Ответ я нашел у одного советского ученого, который первым обратился к происхождению слова «вода» и обнаружил, что «дунай» – от слова «дуть» – обозначал в южнославянских языках все мелкие речушки и ручейки вообще.

Фамилия ученого была… Ох, я не помню его фамилии, и это неважно для этой части жизни моего героя. Важно, что «дунай» не был именем собственным. По профессору Преображенскому (о-о, я вспомнил имя ученого), он означал «ручей» или «мелкая вода». Чего далеко ходить? Мой собственный опыт. Я вспомнил ручей Дунай в моем родном Витебске, вспомнил Дунай в Смоленской области. Это была тема.

Или только то, что видел я своими глазами, на синих указателях, проносясь на машине мимо, а если копать специально? Допускаю, таких «дунаев» нашлось бы в каждой области не меньше десятка.

Значит, родовая фамилия моего героя не происходила от названия реки, прославившей Штрауса. И следовательно, с берегов какой воды могли быть предки Дунаевского, сказать точно невозможно.

Я остался доволен. Чем больше тайн, тем толще биография.

Продолжил копать. И снова наткнулся на (без нее никуда) единственную биографию Дунаевского эпохи Брежнева, принадлежащую перу Августы Михайловны Сараевой-Бондарь (пришло время ее представить).

Эта дама, хорошо осведомленная о всех личных тайнах композитора, прозывалась «великолепной Августой», потому что умела держать язык за зубами. Но не это сделало ее биографом великого композитора. Ее муж – вот истинная причина. Он был фотографом и дружил с Дунаевским. Но не на почве хороших фотографий. Лучше Моисея Наппельбаума Дунаевского никто не снимал. Муж Сараевой-Бондарь был одним из самых знаменитых в советском Ленинграде антикваров. На этой почве произошло их сближение с Исааком Дунаевским, который тоже искал, куда потратить с таким трудом заработанные деньги, и справедливо тратил их на приобретение антикварных вещей.
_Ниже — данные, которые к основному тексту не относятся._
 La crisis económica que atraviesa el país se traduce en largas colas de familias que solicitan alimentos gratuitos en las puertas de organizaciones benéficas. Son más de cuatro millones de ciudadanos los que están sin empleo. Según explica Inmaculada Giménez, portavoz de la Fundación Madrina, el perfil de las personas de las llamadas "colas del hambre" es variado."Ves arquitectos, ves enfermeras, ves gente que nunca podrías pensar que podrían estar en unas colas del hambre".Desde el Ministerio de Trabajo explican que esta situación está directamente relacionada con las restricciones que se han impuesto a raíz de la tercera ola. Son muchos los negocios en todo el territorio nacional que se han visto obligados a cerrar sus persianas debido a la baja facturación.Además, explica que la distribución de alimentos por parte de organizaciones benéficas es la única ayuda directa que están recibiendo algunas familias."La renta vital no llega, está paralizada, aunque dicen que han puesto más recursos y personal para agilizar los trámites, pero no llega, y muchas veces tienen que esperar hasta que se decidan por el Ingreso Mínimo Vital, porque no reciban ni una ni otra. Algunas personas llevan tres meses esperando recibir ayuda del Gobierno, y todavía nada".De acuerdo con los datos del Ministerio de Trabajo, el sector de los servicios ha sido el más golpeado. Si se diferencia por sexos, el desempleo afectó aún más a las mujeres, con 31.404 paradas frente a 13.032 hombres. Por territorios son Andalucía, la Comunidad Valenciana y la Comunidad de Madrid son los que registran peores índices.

Мадам Сараева-Бондарь за эту дружбу отплатила своеобразной монографией о ленинградском периоде жизни композитора – книжонкой, которую я знаю наизусть.
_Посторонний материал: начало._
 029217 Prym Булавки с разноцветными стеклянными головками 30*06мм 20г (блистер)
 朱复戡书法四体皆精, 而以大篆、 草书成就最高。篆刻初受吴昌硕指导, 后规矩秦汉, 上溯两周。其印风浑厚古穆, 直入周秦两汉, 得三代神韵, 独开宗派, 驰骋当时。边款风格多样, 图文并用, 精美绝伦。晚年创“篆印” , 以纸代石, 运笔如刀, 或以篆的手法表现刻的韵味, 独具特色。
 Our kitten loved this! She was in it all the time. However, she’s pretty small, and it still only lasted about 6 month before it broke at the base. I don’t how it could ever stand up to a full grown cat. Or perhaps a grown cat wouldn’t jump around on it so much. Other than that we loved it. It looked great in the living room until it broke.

Невероятно кипучую и тайную жизнь композитора ленинградского периода она свела к партийным лозунгам и общим фразам. Получился ребус, который мне пришлось разгадывать. Решительно ни к одной фразе придраться было нельзя, но и представить живого Исаака – тоже. Поэтому я искал и все предоставлял собственному чутью. И здесь моим помощником опять оказался тот самый загадочный Олекса из Лохвиц. Наша переписка – наши отношения к тому времени вышли за рамки формальных. Мы спрашивали друг у друга обо всем. Так Олекса однажды и задал мне вопрос по поводу родительского дома Цали Дунаевского.
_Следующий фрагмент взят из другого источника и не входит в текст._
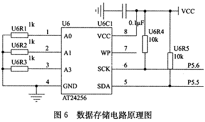 数据存储选择大容量的E2PROMCAT24WC256。它是一个256K位串行CMOSE2PROM,内部含有32768个字节,每字节为8位,CATALYST公司的先进CMOS技术减少了器件的功耗,CAT24WC256有一个64字节页写缓冲器该器件通过I2C总线接口进行操作。原理如图6所示。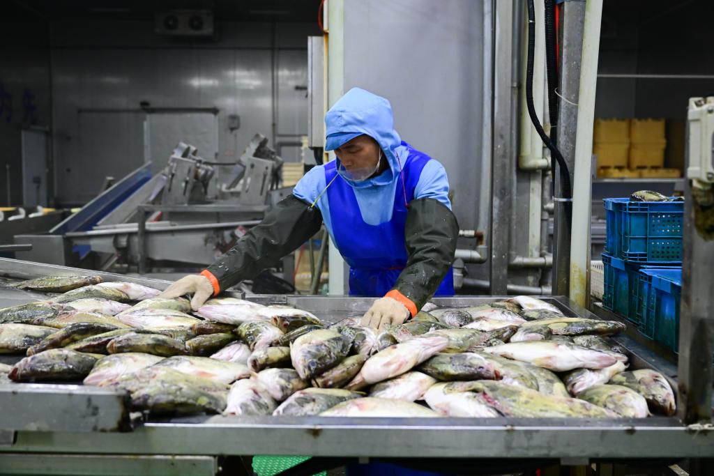 食品の生産・加工・販売などを手がける地元企業、黄山皖新徽三食品供応鏈で、臭鱖魚を加工する従業員。(4月16日撮影、合肥=新華社記者/周牧)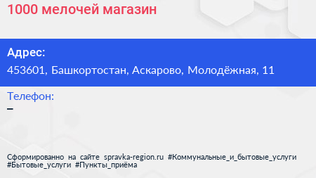 1000 мелочей, магазин по адресу 453601, Башкортостан, Аскарово, Молодёжная, 11 в дальнейшем Организация, размещена в следующих категориях: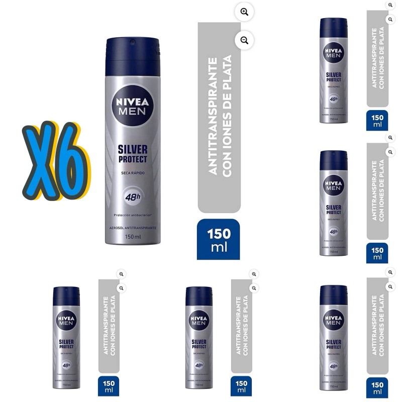 NIVEA 6 PACK MEN NIVEA DEODORANT SPRAY 150ml-91g 48h SILVER PROTECT SECA RÁPIDO

«В вашей книге, – написал он, – есть репродукция (а это была действительно фотография, которую предоставил в 1960-х годах издательству «Советский композитор» старший брат Исаака – Борис. – Д. М.) дома в Лохвице, где родился Дунаевский. Кто автор данного рисунка, сохранился ли оригинал? Возможно ли от вас получить максимально качественную копию рисунка?» (Честно говоря, я не очень помнил, что это был за рисунок… и не понимал «подвоха».)

Незадолго до этого я получил письмо, в котором другой мой приятель сообщал мне, что посетил проездом Лохвицу и сфотографировался на фоне настоящего, как он писал, дома Дунаевского. Так я впервые задумался: сколько домов было у отца маленького Исаака?

Фотография, что была мне прислана, представляла собой снимок маленького кирпичного домика, с треугольной крышей и пристройкой-флигелем, которые я уже где-то видел. Но «где», вспомнить не мог. Я напряг память, покурил, походил от кабинета к кухне и обратно. Ну, конечно.

Я видел такие дома. Как две капли похожий на дом Исаака – дом, который я обнаружил в своем родном Витебске, дом, где родился Марк Шагал. И еще сотни других похожих на него домишек из сотни других местечек.

Это не могло быть случайным совпадением.

Все это – необходимый спутник уникальных мальчиков – привычка рождаться в убогих типовых домишках. Может быть, гениев отличает склонность к рождению в непримечательных домах? Где-то я читал исследование на эту тему. Фотографию домика Исаака, сделаннуя моим приятелем, я припрятал. Но где? Я осмотрел шесть коробок с надписью «архив Дунаевского», полагая, что найти там одно фото с изображением дома будет легко, но я ошибся.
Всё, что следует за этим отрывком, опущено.